The listing is to be reproduced exactly, excluding its pictures.
BEGIN Data for analysis
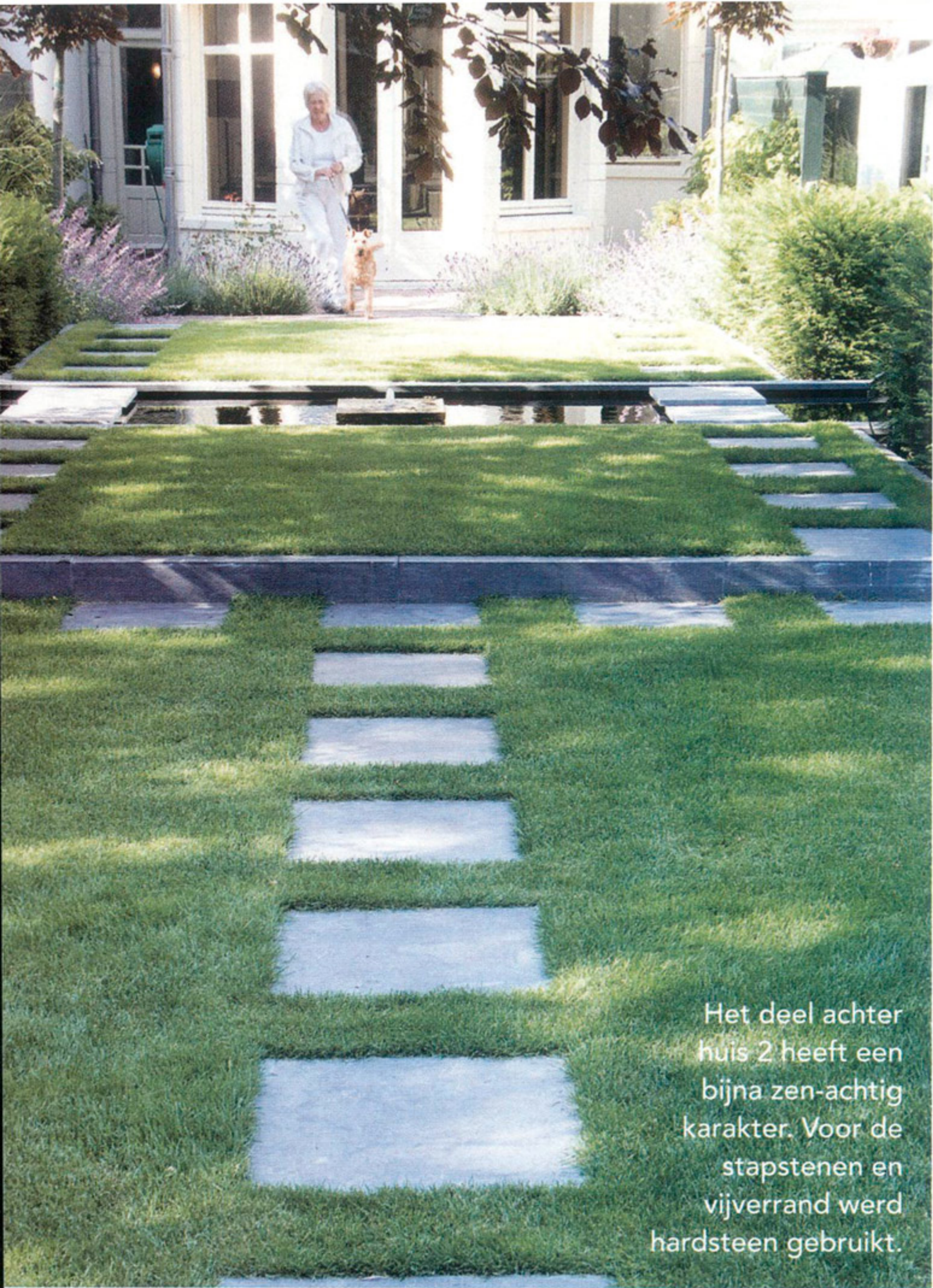
Het deel achter huis 2 heeft een bijna zen-achtig karakter. Voor de stapstenen en vijverrand werd hardsteen gebruikt.
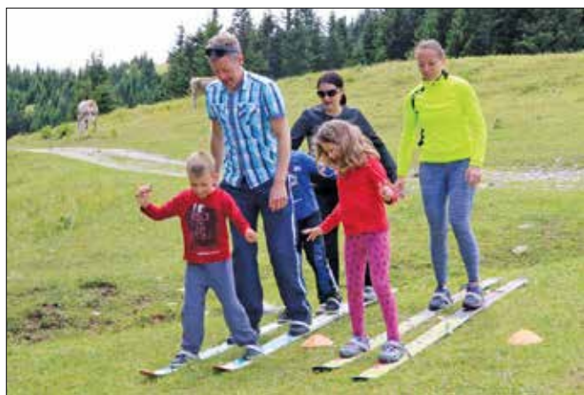
V smučanju po travi tekmovalnosti ni manjkalo.
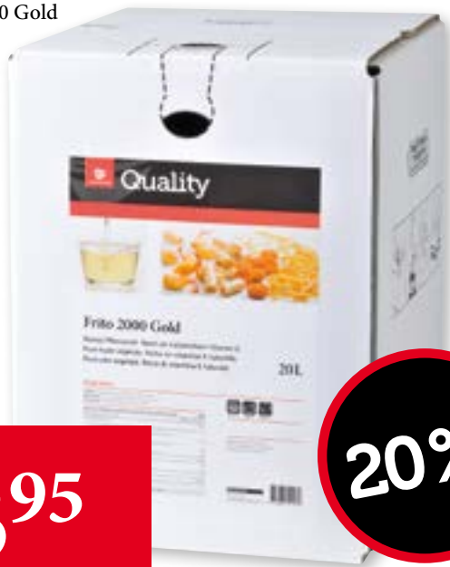
Frito 2000 Gold 20 l
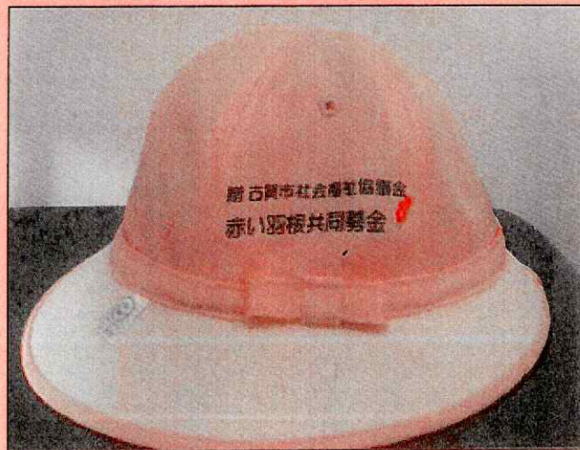
新入生の交通安全帽
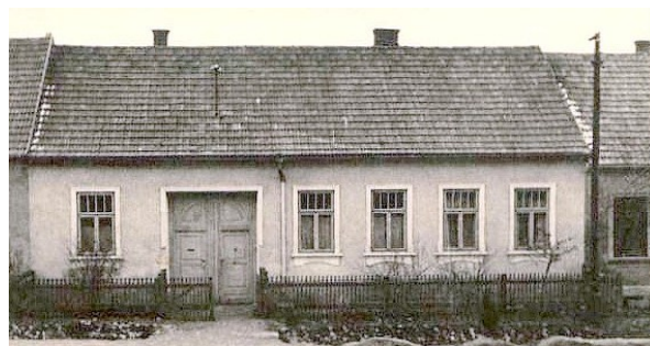
12. Filiálka Pozořice
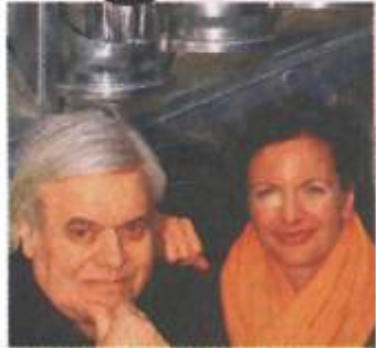
Ein richtig lieber Kerl, der Giger. Und lachen tut er auch gern!

GREYERZ FR - Er hat einen Oscar, aber arbeitet trotzdem wie ein Besessener: H.R. Giger (62). Eine Begegnung mit dem berühmten Künstler.
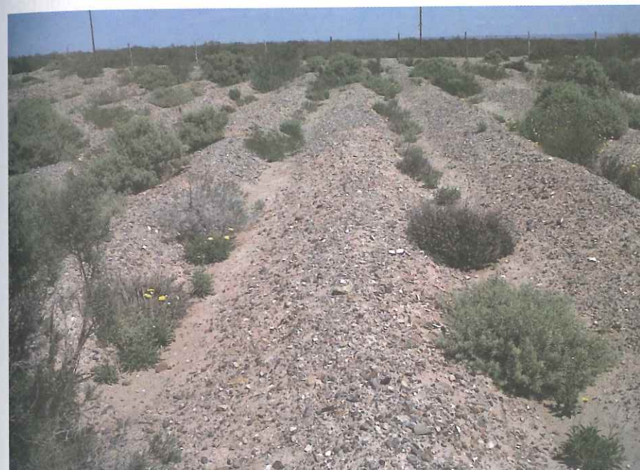
Figura 6. Revegetación con arbustos en área degradada por explotación petrolera.

Mantenimiento: Un año luego de la fecha de trasplante, se procura una visita para evaluar el grado de éxito de la implantación (Fig. 6).
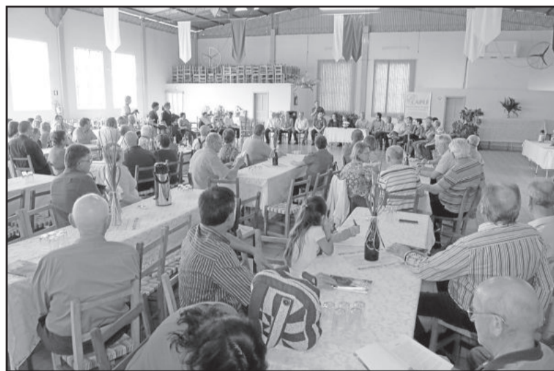
Público prestigiou evento em Linha Frank
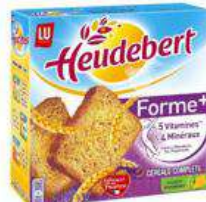
HEUDEBERT FORME 280G
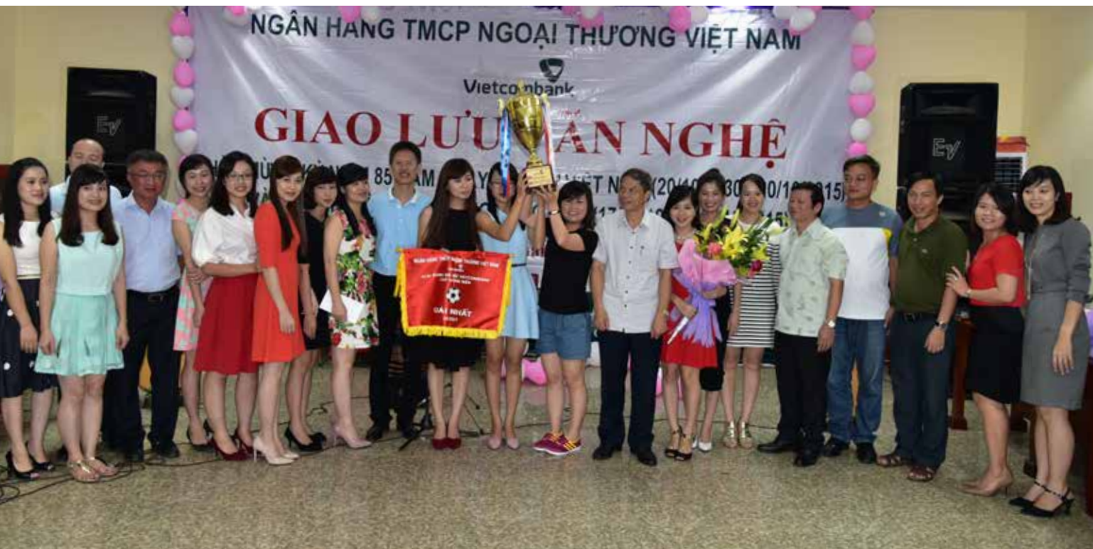
Chương trình giao lưu văn nghệ

ngày 16/8/1945 quân Giải phóng nhân dân Việt Nam làm lễ xuất quân trước sự chứng kiến của 60 đại biểu toàn quốc về dự Quốc dân Đại hội và nhân dân Tân Trào. Đại tướng Võ Nguyên Giáp đã đọc Bản Quân lệnh số 1 và ngay sau đó quân Giải phóng đã lên đường vượt qua Thái Nguyên tiến về giải phóng Hà Nội. Cuộc hành trình về nguồn mang đầy ý nghĩa với mỗi cán bộ đảng viên và đoàn viên, là một hoạt động thường trong việc tuyên truyền giáo dục truyền thống cho các thế hệ cán bộ Vietcombank Nam Định. □
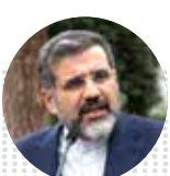
محمد مهدی اسماعیلی وزیر فرهنگ و ارشاد اسلامی

برگزاری روز ملی فناوری فضایی با حضور رئیسی
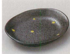
243-13-354 黒ゆず黄水玉銘々皿 690円 15×12.2×2.5cm 28307352
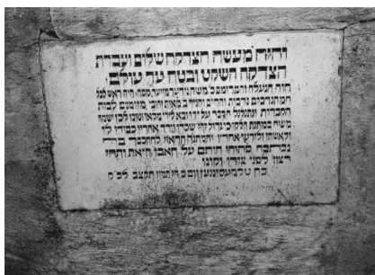
Jüdischer Fridhof Thalmässing, Aufnahme 2018.
END Data for analysis
_Exercise answer_.
Het deel achter huis 2 heeft een bijna zen-achtig karakter. Voor de stapstenen en vijverrand werd hardsteen gebruikt.
V smučanju po travi tekmovalnosti ni manjkalo.
Frito 2000 Gold 20 l
新入生の交通安全帽
12. Filiálka Pozořice
Ein richtig lieber Kerl, der Giger. Und lachen tut er auch gern!

GREYERZ FR - Er hat einen Oscar, aber arbeitet trotzdem wie ein Besessener: H.R. Giger (62). Eine Begegnung mit dem berühmten Künstler.
Figura 6. Revegetación con arbustos en área degradada por explotación petrolera.

Mantenimiento: Un año luego de la fecha de trasplante, se procura una visita para evaluar el grado de éxito de la implantación (Fig. 6).
Público prestigiou evento em Linha Frank
HEUDEBERT FORME 280G
Chương trình giao lưu văn nghệ

ngày 16/8/1945 quân Giải phóng nhân dân Việt Nam làm lễ xuất quân trước sự chứng kiến của 60 đại biểu toàn quốc về dự Quốc dân Đại hội và nhân dân Tân Trào. Đại tướng Võ Nguyên Giáp đã đọc Bản Quân lệnh số 1 và ngay sau đó quân Giải phóng đã lên đường vượt qua Thái Nguyên tiến về giải phóng Hà Nội. Cuộc hành trình về nguồn mang đầy ý nghĩa với mỗi cán bộ đảng viên và đoàn viên, là một hoạt động thường trong việc tuyên truyền giáo dục truyền thống cho các thế hệ cán bộ Vietcombank Nam Định. □
محمد مهدی اسماعیلی وزیر فرهنگ و ارشاد اسلامی

برگزاری روز ملی فناوری فضایی با حضور رئیسی
243-13-354 黒ゆず黄水玉銘々皿 690円 15×12.2×2.5cm 28307352
Jüdischer Fridhof Thalmässing, Aufnahme 2018.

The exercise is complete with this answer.